与语言无关的随机洗牌问题 [英] shuffle card deck issues in language agnostic

问题描述

不久前，我在接受采访时，需要解决两个非常有趣的问题.我很好奇您将如何解决这些问题.

Not so long ago I was in an interview, that required solving two very interesting problems. I'm curious how would you approach the solutions.

问题1:

除当前内容之外的所有内容的产品

编写一个函数，该函数将长度为len的两个整数数组(输入和索引)作为输入，并生成第三个数组，结果如下: result [i] =输入中除input [index [i]]以外的所有内容的乘积

Write a function that takes as input two integer arrays of length len, input and index, and generates a third array, result, such that: result[i] = product of everything in input except input[index[i]]

例如，如果使用len = 4，input = {2,3,4,5}和index = {1,3,2,0}调用函数，则结果将设置为{40， 24,30,60}.

For instance, if the function is called with len=4, input={2,3,4,5}, and index={1,3,2,0}, then result will be set to {40,24,30,60}.

重要提示:您的算法必须在线性时间内运行.

IMPORTANT: Your algorithm must run in linear time.

问题2 :(该主题在Jeff的一篇文章中)

Problem 2 : ( the topic was in one of Jeff posts )

均匀推洗卡座

1. 设计(用C ++或C#语言)Deck类代表有序纸牌，其中纸牌包含52张纸牌，分为13个等级(A，2、3、4、5、6，四种花色中的7、8、9、10，J，Q，K):黑桃(?)，心形(?)，钻石(?)和球杆(?).

1. Design (either in C++ or in C#) a class Deck to represent an ordered deck of cards, where a deck contains 52 cards, divided in 13 ranks (A, 2, 3, 4, 5, 6, 7, 8, 9, 10, J, Q, K) of the four suits: spades (?), hearts (?), diamonds (?) and clubs (?).

基于此类，设计并实现一种有效的算法来洗牌.纸牌必须均匀地混洗，也就是说，原始纸牌中的每张纸牌都必须具有相同的概率才能出现在纸混牌中的任何可能位置. 该算法应在Deck类的shuffle()方法中实现: 无效shuffle()

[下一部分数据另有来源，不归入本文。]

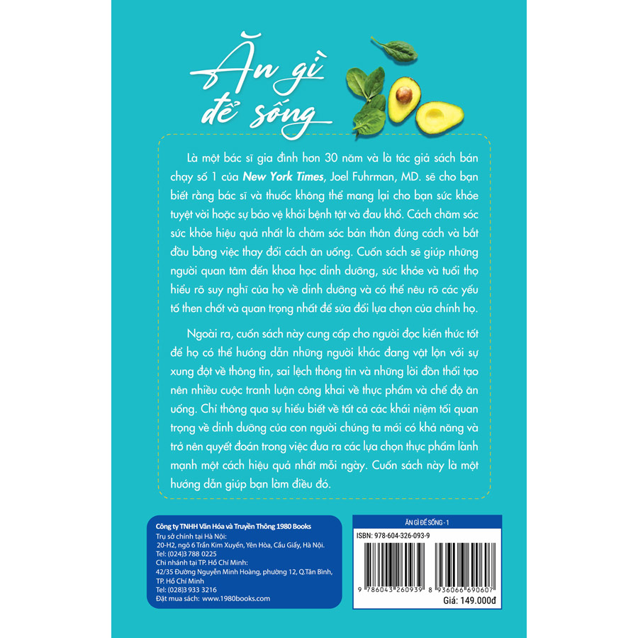 Ăn gì để sống cung cấp cho người đọc kiến thức tốt để họ có thể hướng dẫn những người khác đang vật lộn với sự xung đột về thông tin, sai lệch thông tin và những lời đồn thổi tạo nên nhiều cuộc tranh luận công khai về thực phẩm và chế độ ăn uống. Chỉ thông qua sự hiểu biết về tất cả các khái niệm tối quan trọng về dinh dưỡng của con người, chúng ta mới có khả năng và trở nên quyết đoán trong việc đưa ra các lựa chọn thực phẩm lành mạnh một cách hiệu quả nhất mỗi ngày.

Based on this class, devise and implement an efficient algorithm to shuffle a deck of cards. The cards must be evenly shuffled, that is, every card in the original deck must have the same probability to end up in any possible position in the shuffled deck. The algorithm should be implemented in a method shuffle() of the class Deck: void shuffle()

算法的复杂度是多少(取决于卡组中n张牌的数量)?

What is the complexity of your algorithm (as a function of the number n of cards in the deck)?

说明如何测试卡是否被您的方法均匀洗净(黑盒测试).

Explain how you would test that the cards are evenly shuffled by your method (black box testing).

P.S.我有两个小时编写解决方案的代码

P.S. I had two hours to code the solutions

推荐答案

第一个问题:

int countZeroes (int[] vec) {
int ret = 0;
foreach(int i in vec) if (i == 0) ret++;

return ret;
}

int[] mysticCalc(int[] values, int[] indexes) {
    int zeroes = countZeroes(values); 
    int[] retval = new int[values.length];
    int product = 1;

    if (zeroes >= 2) { // 2 or more zeroes, all results will be 0
        for (int i = 0; i > values.length; i++) {
            retval[i] = 0;      
        }
        return retval;
    }
    foreach (int i in values) {
        if (i != 0) product *= i; // we have at most 1 zero, dont include in product;
    }
    int indexcounter = 0;
    foreach(int idx in indexes) {
        if (zeroes == 1 && values[idx] != 0) {  // One zero on other index. Our value will be 0
            retval[indexcounter] = 0;
        }
        else if (zeroes == 1) { // One zero on this index. result is product
            retval[indexcounter] = product;
        }
        else { // No zeros. Return product/value at index
            retval[indexcounter] = product / values[idx];
        }
        indexcouter++;
    }   
    return retval;
}

在最坏的情况下，该程序将一次浏览3个向量.

Worst case this program will step through 3 vectors once.

这篇关于与语言无关的随机洗牌问题的文章就介绍到这了，希望我们推荐的答案对大家有所帮助，也希望大家多多支持IT屋！